Uxbridge, by the way, can take a wee bit of pride in the Stratford shows this season. The female lead in both West Side and Forum (demonstrating a rather awesome acting range) is Chilina Kennedy, who choreographed several shows for Uxbridge Musical Theatre right out of theatre school, and directed Camelot here last season while she was getting ready for her Stratford debut.
We saw Forum and Earnest at the Avon Theatre, a rather ordinary proscenium-style theatre which has to rely on technical splendour to make up for the run-of-the-mill staging. Neither show disappointed; the set for Earnest was particularly spectacular, drawing applause on its own (although I thought our production held its own in most other areas, and was even superior in some).
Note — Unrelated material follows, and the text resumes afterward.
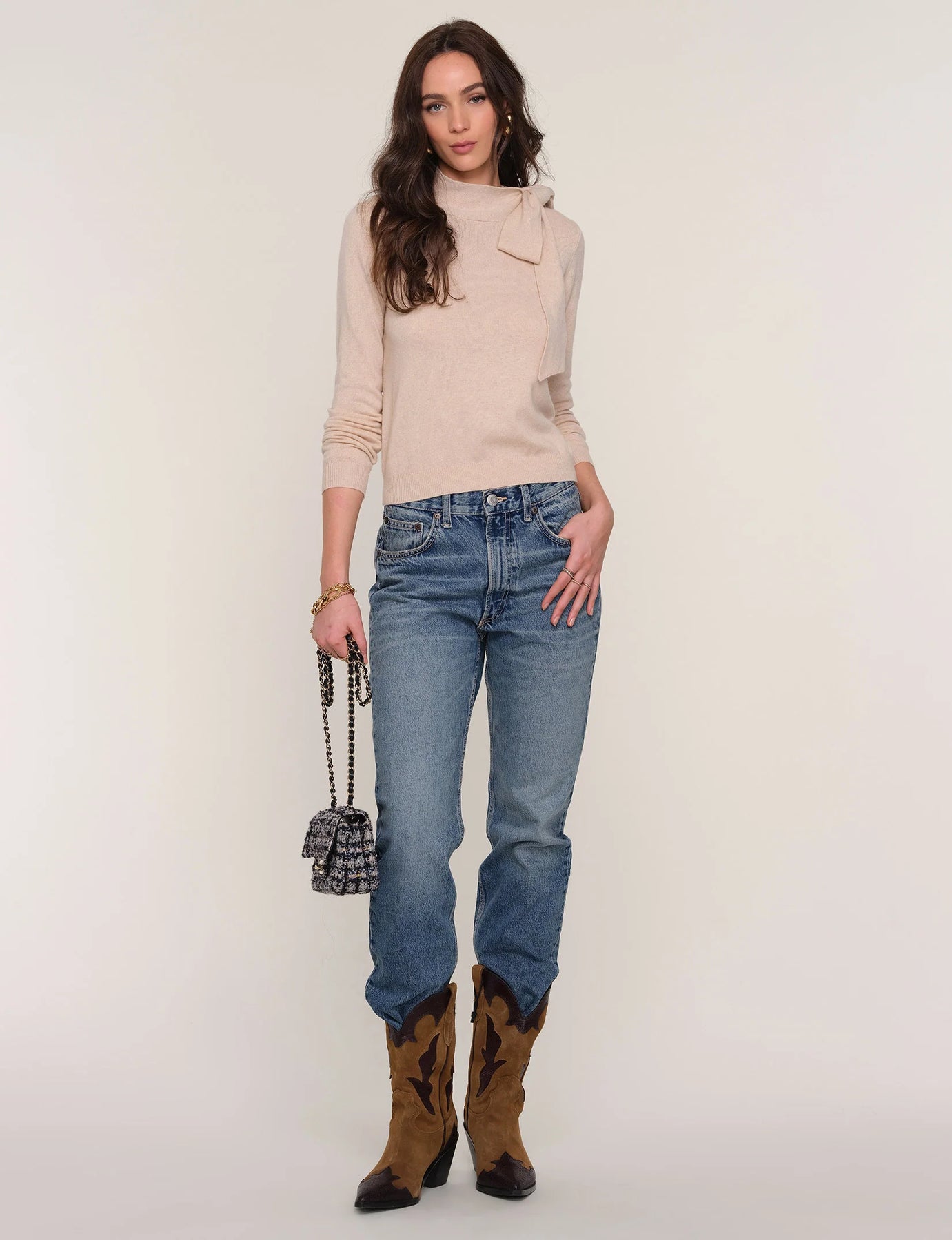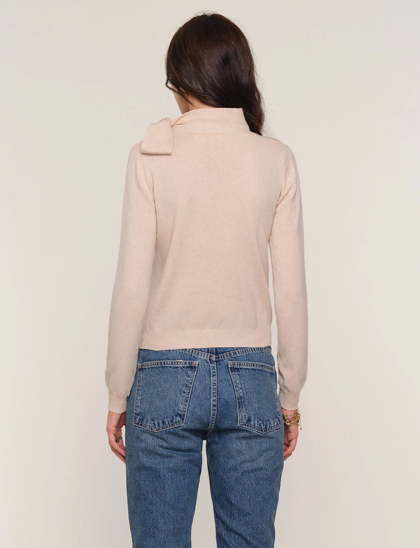 The Lissa Sweater is a relaxed fit sweater. Made from a cashmere blend it features a mock neck that ties into a bow
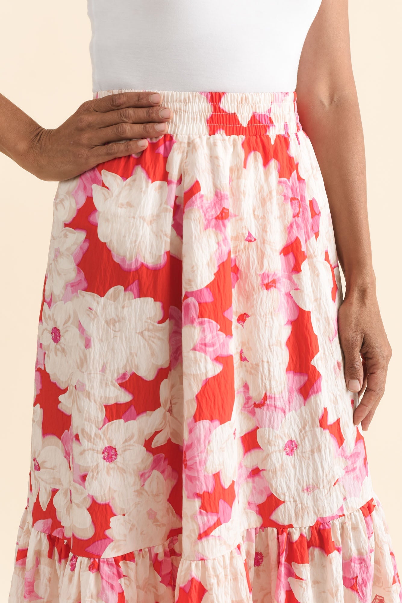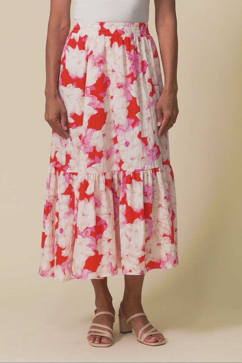 MAGGIE RED FLORAL POCKET SKIRT

The Festival Theatre, on the other hand, doesn’t need beautiful backdrops or expensive props. It is its own best technical asset. The actors can enter and exit a dozen ways, including from the ceiling (which they did in Macbeth), and the set changes can be incredibly smooth and lovely to behold. One friend warned me, in fact, that the set changes were the best thing about Macbeth. Unfortunately, he was pretty well spot on the money.
The reason the Festival Theatre works so well is the same reason Shakespeare’s own Globe Theatre was so brilliant; it lets the minds of the audience do most of the creative work. The Globe’s stage was essentially a big, bare platform, with almost nothing in the way of fancy props or set pieces. The idea, as the Bard puts it in his prologue to Henry V, was for the audience to “piece out our imperfections with your thoughts”, to just listen to the playwright’s words and let their imaginations do the rest.
And the Festival Theatre is ideally designed to do exactly the same thing. West Side Story works extremely well for that reason; there’s a bed in one scene, a jukebox in another, that easily roll on and off, but for 90% of the play, the stage is occupied only by actors. The script and the music are enough to tell the story.
Too bad the director of Macbeth didn’t get it (he’s also the new artistic director of the Festival, which is a disturbing sign). In the climactic scene of the play, for instance, the stage is totally dominated by a jeep, of all things, which just sits there while Macbeth and MacDuff try to fight a machete duel around it.
In the program, the director tries to justify the jeep and the machetes by saying the play “resonates” with an audience which has witnessed all the turmoil in Africa in recent decades.
It always boggles my mind that these directors change the period and locale of the play, but don’t change the script. So even though we’re supposedly in Africa, there are frequent references to Scotland. Why not just leave the setting as 11th-century Scotland, as the playwright intended? It’ll still “resonate”, for Pete’s sake. We’ll still recognize the characters and situations as applying to our own world. We’re not stupid.
I love the Festival Theatre. I just wish directors would leave it alone.